Nisan ayının milletimiz için en özel günü 23 Nisan, yalnızca bir bayram değil; bir vizyonun, bir inancın ve bir sevginin adıdır. Ulu Önder Mustafa Kemal Atatürk’ün çocuklara armağan ettiği bu özel gün, geleceğe duyulan umudun en güzel nişanesidir. Egemenliğin millete ait olduğunu tüm dünyaya ilan eden Türkiye Büyük Millet Meclisi’nin açıldığı bu anlamlı günün, aynı zamanda “çocuklara ithaf edilmiş ilk ve tek bayram” olması, Atatürk’ün çocuklara verdiği değerin bir göstergesidir.

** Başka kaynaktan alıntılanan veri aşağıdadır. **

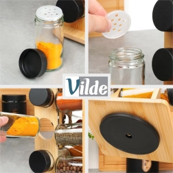 Il supporto in legno di bambù è stabile ed elegante. I barattoli in vetro trasparente con coperchi neri sono durevoli e, senza coperchi, adatti alla lavastoviglie.
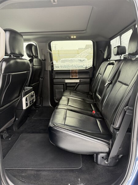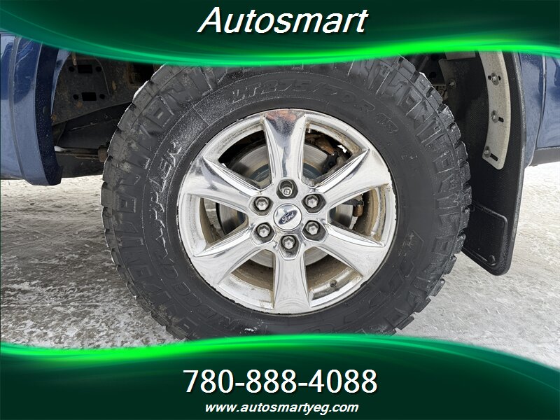Factory-equipped features include leather-trimmed seating and power-adjustable front seats, dual-zone automatic climate control, keyless entry with push-button start, and an integrated Ford infotainment system with touchscreen, Bluetooth connectivity and smartphone integration. Exterior and convenience equipment from the factory include chrome trim accents, power side mirrors, alloy wheels, and remote start. Standard safety and driveline features include ABS, stability and traction control, multiple airbags, a rearview camera, tire pressure monitoring and factory tow-ready engineering with electronic stability/trailer sway control.

Atatürk, çocukları yalnızca geleceğin büyükleri olarak değil, aynı zamanda bugünün en kıymetli bireyleri olarak görüyordu. Onlara duyduğu sevgi, yüreğinde taşıdığı derin bir inançla besleniyordu: “Küçük hanımlar, küçük beyler! Sizler hepiniz geleceğin bir gülü, yıldızı, bir bahtının aydınlığısınız…” diye seslendiği çocuklara, yalnızca güzel bir yarın değil, onurlu bir ulusun taşıyıcıları olma sorumluluğunu da miras bıraktı.
Bu büyük vizyonun bir parçası da, Atatürk’ün havacılığa olan ilgisi ve tutkusu idi. Ona göre, göklerde egemenlik kuramayan bir milletin yeryüzündeki egemenliği tehlikedeydi. Havacılığı, bağımsızlıkla özdeşleştiriyor; teknik ilerlemenin ve çağdaşlığın sembolü olarak görüyordu. Bu doğrultuda kurduğu Türk Tayyare Cemiyeti (günümüzdeki Türk Hava Kurumu), sadece teknolojik bir atılım değil, aynı zamanda genç nesillerin ufkunu göklere taşıma çabasıydı.
Atatürk’ün havacılık tutkusunu çocuk sevgisiyle birleştirdiğimizde, ortaya çok güçlü bir mesaj çıkmakta aslında: Geleceğin gökyüzü, bugünün çocuklarının omuzlarında yükselecektir. O nedenle, çocuklara bilimle, teknolojiyle, özellikle de havacılıkla tanıştırılan her fırsat, Atatürk’ün izinden giden birer adım olacaktır.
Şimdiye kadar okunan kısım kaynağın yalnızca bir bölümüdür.